## WORK ITEM
Write out the records below from the first line through the line containing "перешел тоже перевал", leaving out any pictures.

Stored dataset items:
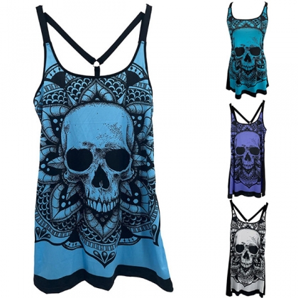 Sexy Off-shoulder Short Sleeve Skull Printed Beaded Halter T-shirt
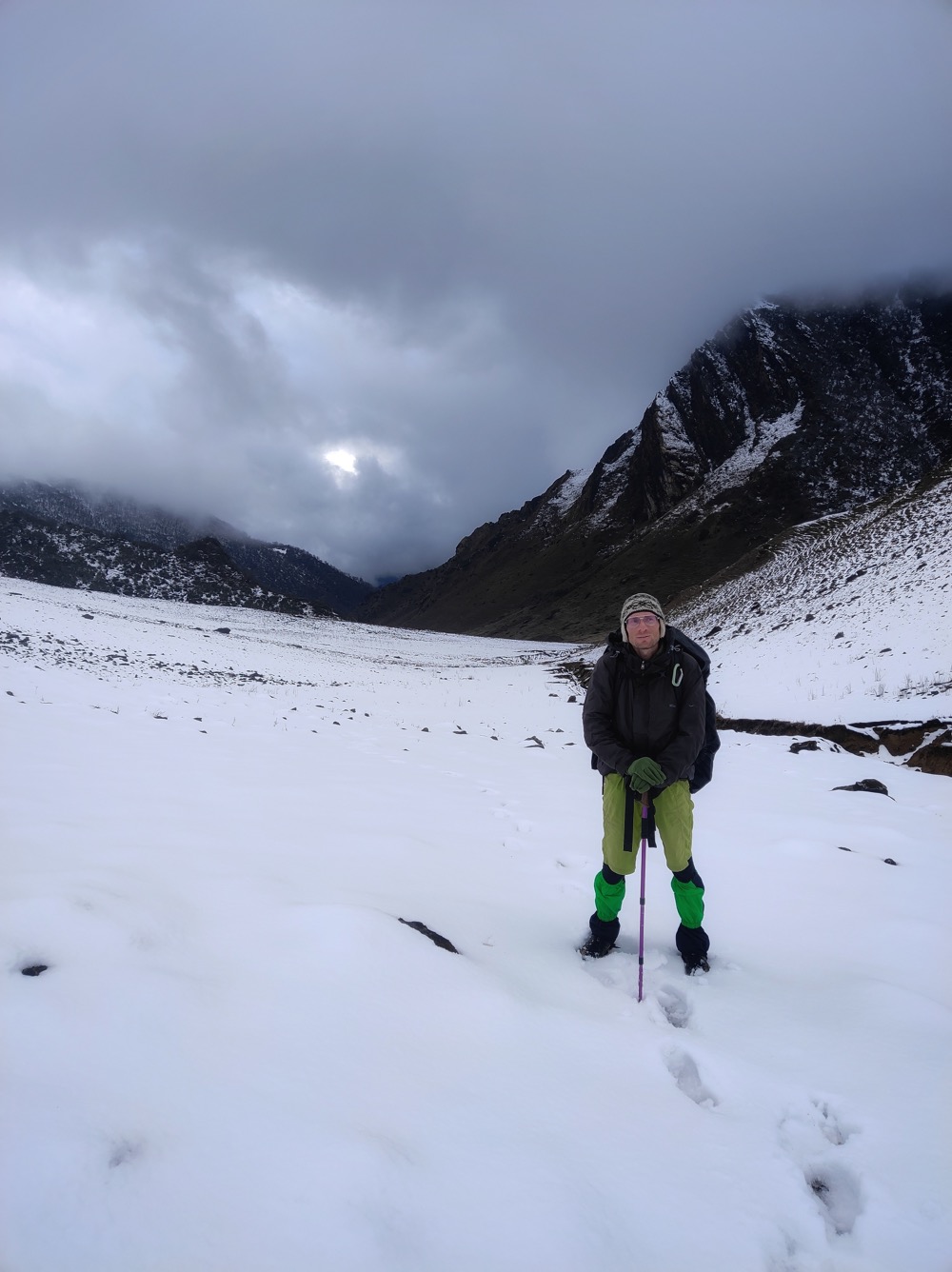 перешел тоже перевал и пришел на час может раньше нас. Затемпературил.
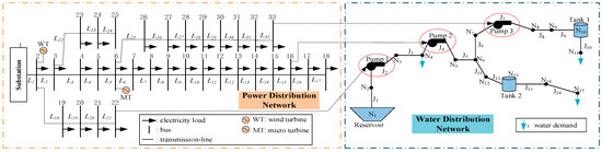 Equation (2) shows the water flow balance requirements for node in the WDN, where and represent the water flow into node from node and reservoir, respectively. represent the water flow from node to node and water flow to the users and tanks at node respectively. Equation (3) illustrates the water head loss caused by the friction in the pipes based on the Hazen–Williams equation [5], where and are the water pressure head at node i and node j, and is the resistance coefficient of pipe i–j. As the coupling components in the WENS, pumps convert electricity to the water head in order to compensate for the water head loss. The water head gained and the power consumed by pumps are shown in Equations (4) and (5), where , are the coefficients of pump u and are the water flow and speed of pump u. The power balance for node i in the PDN is illustrated by Equation (6), where represents the power injection from distributed generator u to node i, is the power demand at node i, and and are the power supply from node i to pump u and the power flow between nodes i and j, respectively. is the set of nodes in the PDN. As indicated by Equation (6), the operator of the WENS can meet the power consumption of the pumps in the WDN and other electricity demand in the PDN by either purchasing electricity from the upstream power grid or generating power with the distributed generators, e.g., microturbines (MTs) or wind turbines (WTs).
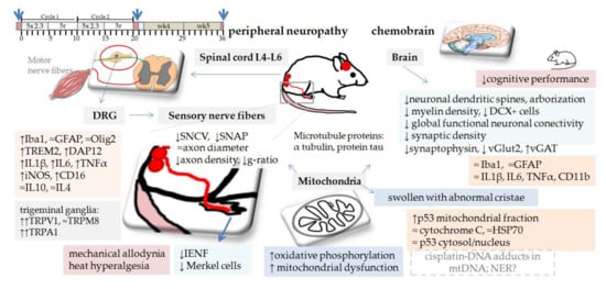Cisplatin neurotoxicity. In mice, two cycles of cisplatin (2.3 mg/kg/daily for 5 days followed by 5 days recovery; 5d+5r/5d+5r; cumulative dose 23 mg/kg) resulted in reduced density of intraepidermal nerve fibers (IENF) (wk3, and wk5) [152,164] and epidermal Merkel cells [152] in the mouse plantar footpad. Merkel cells, mechanosensory cells actively involved in touch reception (tactile sensation), [165,166,167] are proposed to underlie sensory dysfunction in diabetic patients and animals [168]. In sensory nerves (sciatic, caudal, tibial) mild hypomyelination with few degenerating axons (reduced density of myelinated fibers without alterations in axon diameter) can be observed together with a slight decrease in the sensory nerve conduction velocity (SNCV; indication of demyelination) and the sensory nerve action potential (SNAP) [153]. In sensory neurons (trigeminal ganglia) cisplatin activated the transient receptor potential (TRP) channels (TRPA1, TRPV1) [151], a non-selective cation channels involved in chemical and thermal evoked pain sensation [169]. In the spinal cord (L4-L6) cisplatin activated microglia (Iba1), induced pro-inflammatory cytokines (IL-1β, IL-6, TNFα, iNOS, CD16, a marker of pro-inflammatory microglia (wk3) and increased protein levels of triggering receptor expressed on myeloid cells 2 (TREM2) and DNAX activating protein of 12 kDa (DAP12) (wk3) [152]. TREM2/DNAX is a receptor complex predominantly expressed on microglia in the central nervous system associated with neurodegenerative diseases and inflammatory response of microglia [152]. Cisplatin induced structural abnormalities in cerebral white matter (loss of neuronal dendritic spines and arborizations) [145,146] and reduced myelin density in the cingulated cortex [147]. It also [145] decreased cerebral neurogenesis (DCX+ cells) [146] but did not cause inflammation (IL1β, IL6, TNFα, GFAP, CD11b) [146] or microglia (Iba1−, GFAP−) activation [145]. However, decreased synaptic integrity (synaptophysin, vGlut2, vGAT) in the prefrontal cortex [148] and global functional neuronal connectivity in the mouse brain was found (fMRI) [147]. Cisplatin induced mitochondrial dysfunction and structural abnormalities in brain synaptosomes [147]. Mice treated with three cycles of cisplatin (protocol 2.3 mg/kg 5d + 5r/5d + 5r/5d + 5r; cumulative dose 34.5mg/kg) developed more severe impairment of mitochondrial transport and mitochondrial dysfunction in the hippocampus [149] (43% decrease in cytochrome C activity, ATP production, 96% increase in ROS, 29% decrease in mitochondrial membrane potential, impaired mitochondrial transport, reduced α-tubulin acetylation in the hippocampus, decrease in dendritic spine and synaptic density (vGlut1 and PSD95) [149]. Legend: DAP12—DNAX activating protein of 12 kDa; DRG—dorsal root ganglia; GFAP—glial fibrillary acidic protein; IENF—intraepidermal nerve fibers; IL—interleukine; Iba1—ionized calcium-binding adaptor molecule 1; iNOS—inducible nitric oxide synthase; L4-L6—lumbal vertebra; mtDNA—mitochondrial DNA; NER - nucleotide excision repair; Olig-2—oligodendrocyte lineage gene 2; ROS—reactive oxidative species; SNAP—sensory nerve action potential; SNCV—sensory nerve conduction velocity; TNFα—tumor necrosis factor alpha; TRP—transient receptor potential channels (TRPA1, TRPV1); TREM2—triggering receptor expressed on myeloid cells 2; vGlut2—vesicular glutamate transporter 2; vGAT—vesicular GABA transporter.
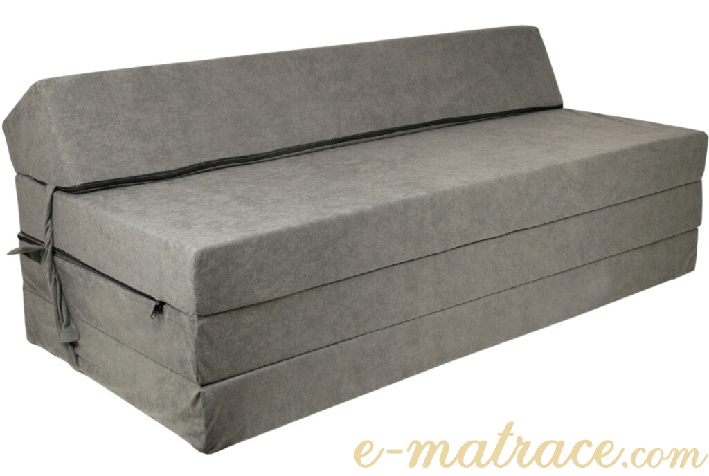 Rozměr pohovky: 60x120x30 cm. Rozměr po rozložení: 200x120x10 cm. Rozkládací pohovka v šedé barvě slouží také jako skládací matrace pro hosty.
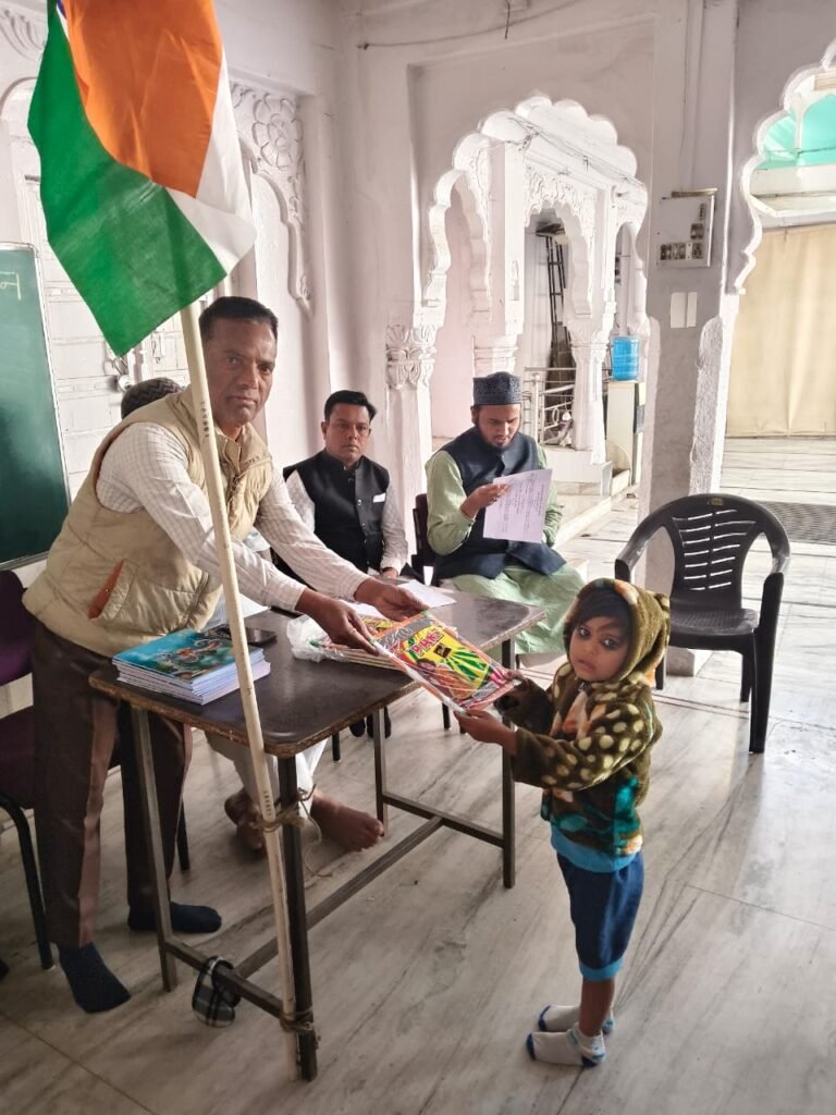 मदरसा सदर हाजी मोहम्मद शरीफ एवं सेकेट्री मोहम्मद सलीम ने कहा कि संविधान हमें सिखाता है कि इल्म, इंसाफ,

## FINISHED TASK
 Sexy Off-shoulder Short Sleeve Skull Printed Beaded Halter T-shirt
 перешел тоже перевал и пришел на час может раньше нас. Затемпературил.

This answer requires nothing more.